§ ACTION ITEM
Nothing but the pictures is dropped; write out all the remaining data below exactly.

§ EXERCISE DATA
%%
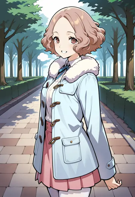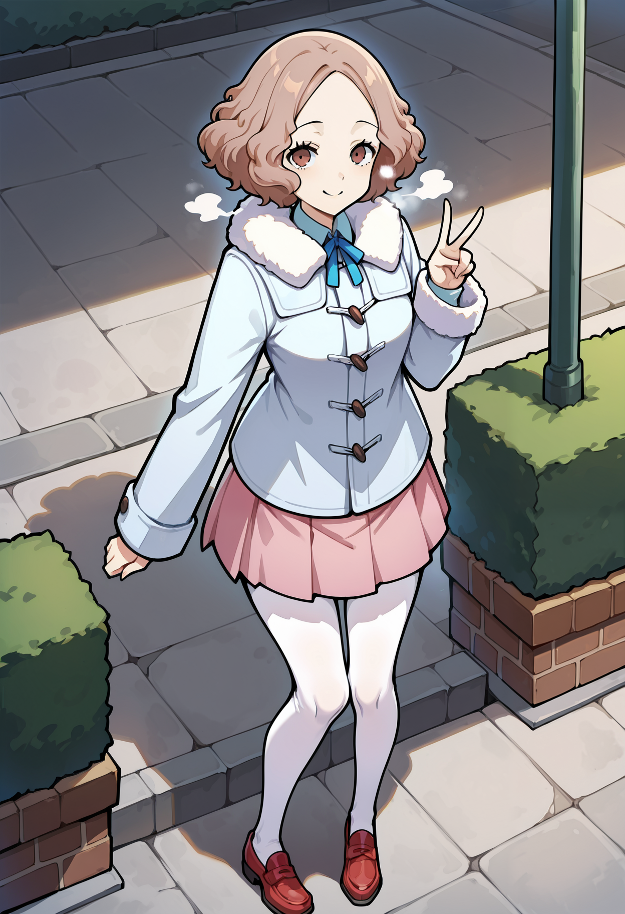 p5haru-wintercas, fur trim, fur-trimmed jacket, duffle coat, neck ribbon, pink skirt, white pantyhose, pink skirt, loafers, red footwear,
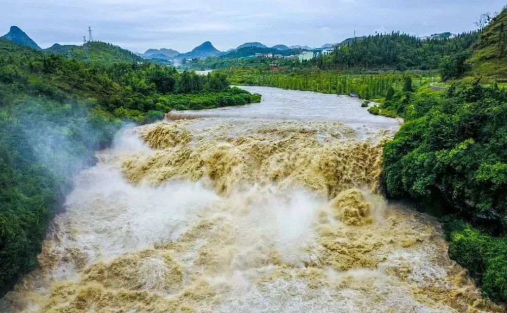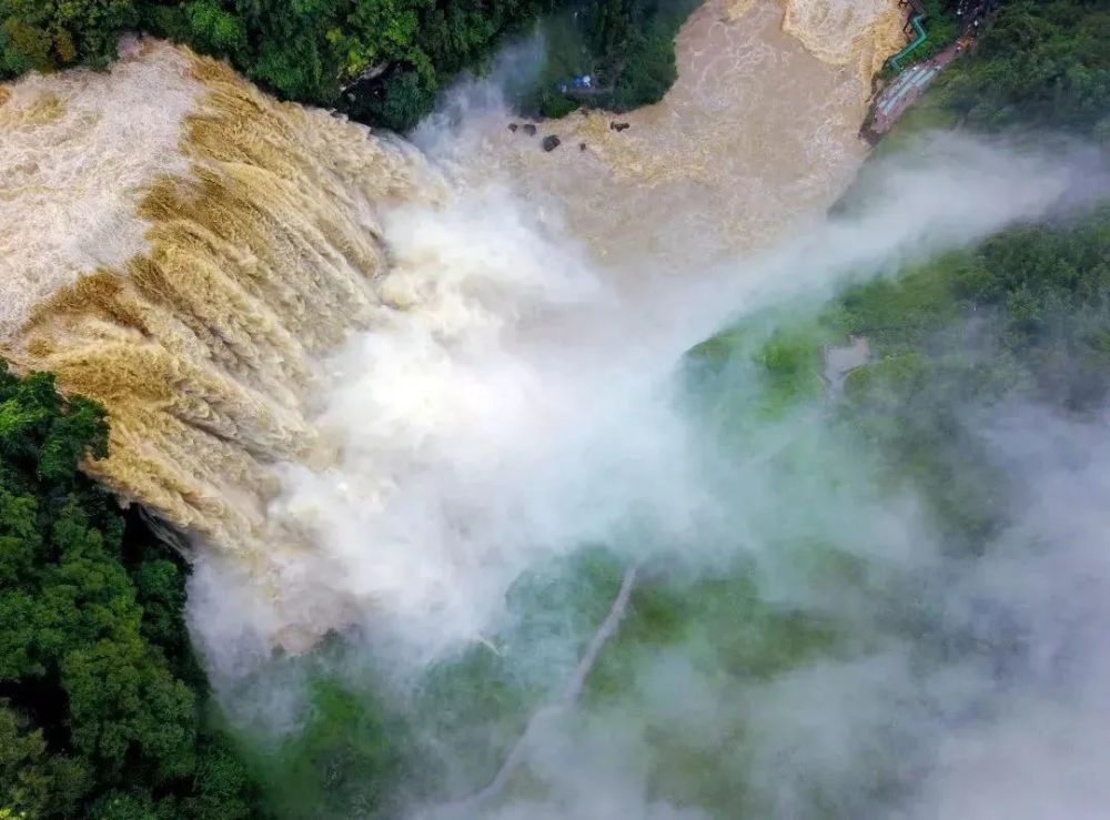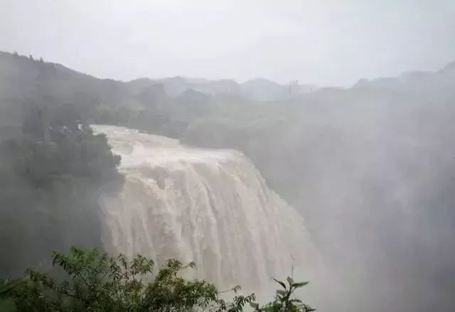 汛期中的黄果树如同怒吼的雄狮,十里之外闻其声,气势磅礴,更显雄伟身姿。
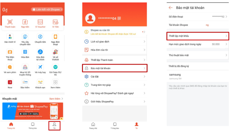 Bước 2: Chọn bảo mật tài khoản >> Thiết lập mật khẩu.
%%
§ ANSWER BELOW
 p5haru-wintercas, fur trim, fur-trimmed jacket, duffle coat, neck ribbon, pink skirt, white pantyhose, pink skirt, loafers, red footwear,
 汛期中的黄果树如同怒吼的雄狮,十里之外闻其声,气势磅礴,更显雄伟身姿。
 Bước 2: Chọn bảo mật tài khoản >> Thiết lập mật khẩu.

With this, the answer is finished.